Но, конечно, виновник не один Сезанн, как бы ярка ни была его индивиду­альность (о роли индивидуальностей в истории искусства достаточно сказано). Теоретические заветы Сезанна были поддержаны извне очень серьезными "общими причинами". Этим причинам обязан успех кубистики. Я имею в виду прежде всего урбанизацию и механизацию всей современной культуры. Человечес­кий глаз в XX веке, глаз горожанина, приобрел привычку и вкус (одно с другим таинственно связано!) к не существующим в природе, подобно черному цвету, прямым линиям, к резко очерченным углам и объемам. Торжес­тво машины, механики, изменив лик цивилизации, отразилось и на эстетике новых поколений. Город, казармы, фабрики, трубы, могучие котлы, колеса, винты, математически рассчитанные фигуры сложных, подчас чудовищных орудий производства и разрушения (мы насмотрелись на них за последние войны!), гигантские инженерные сооружения, режущая четкость стальных линий, железная плоть слепых сил и чисел — как было не отлинять этим формам покоренной человеком материи на живописной форме, свободной от необходимости реалистически "передразнивать природу", как говорят нынче! Мы видели, что называл Сезанн "подражанием природе". Оно привело Сезанна к пространственному отвлечению. Его преемники, под влиянием все большей урбанизации вкуса, не боясь насмешек толпы (над чем толпа не смеялась и к чему не привыкала!), стали упрощать, обострять, гранить форму, придавая, вероятно бессознательно, картинам своим сходство с очертаниями тех казарм, фабрик и труб, которые глаз замечал на каждом шагу. После головокружительных завоеваний механики в области жизни произошла под конец механизация живописной формы.

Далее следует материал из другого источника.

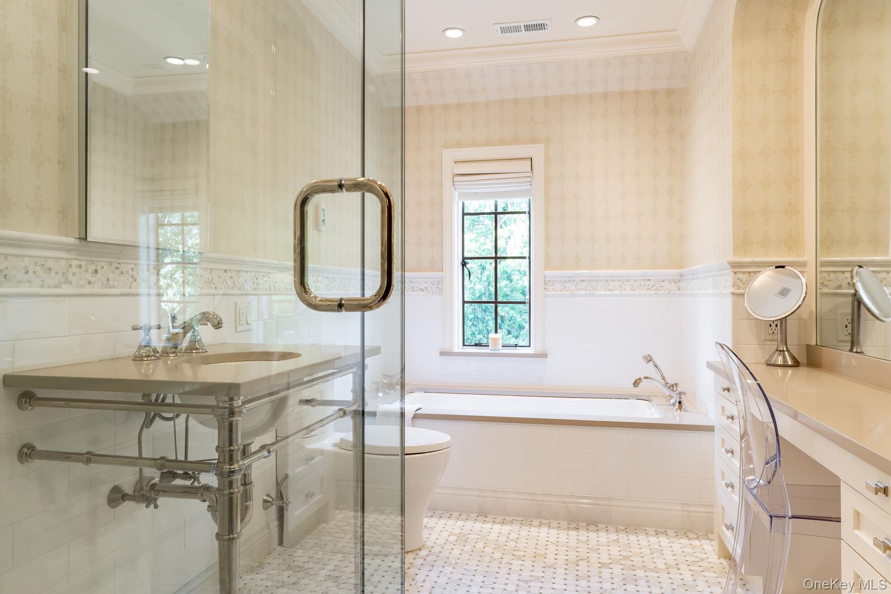 The lower level offers spaces tailored for recreation and wellness, including a theater/playroom, wine cellar, expansive gym/Pilates studio with a full bathroom, and a laundry area. A mudroom connects the garage with the back stair for convenience. The second-floor primary wing is a luxurious retreat featuring a sitting room, fireplace, renovated ensuite bathroom, and custom-built closets. Four additional family bedrooms are complemented by three renovated full bathrooms, while flexible rooms serve as a yoga studio, homework space, or office. A private deck with a hot tub overlooking the gardens adds to the home's sense of relaxation.

К геометрическим приемам построения формы художники прибегали и прежде. Всякий, кто учился рисовать, это знает. Во всех академиях при рисовании с гипсов учили и учат строить пластическую форму, схватывая ее геометрической схемой. Но эта вспомогательная рисовальная геометрия для установления соразмерности и характера форм так же мало похожа на кубис-тику, как не похожи леса строящегося здания на перпендикуляры и вертикали его каменной обработки.

В кубизме отвлеченная форма получила самостоятельное, автономное бытие. Природа, натура, в сущности, не нужна больше. Если художники еще вспоминают о натуре (обозначая названиями картины), то скорее по застарелой привычке. Во всяком случае, ничто не удерживает больше станковую живопись от беспредметности, от фактурных абстракций, от замены кистей и красок любым материалом, до кусков проволоки и трамвайных билетов включительно. Такова логика упадка. Искусство, которое не становит­ся богаче, становится беднее. Когда разрушен фундамент, валится все здание. Духовность, вдохновенная человечность — вот фундамент, на котором воздвиг­лось здание европейской живописи. Художники, заменившие душу механиз­мом, механизованной формой, произнесли приговор живописи. Ничто уж не могло удержать ее от стремительного упадка.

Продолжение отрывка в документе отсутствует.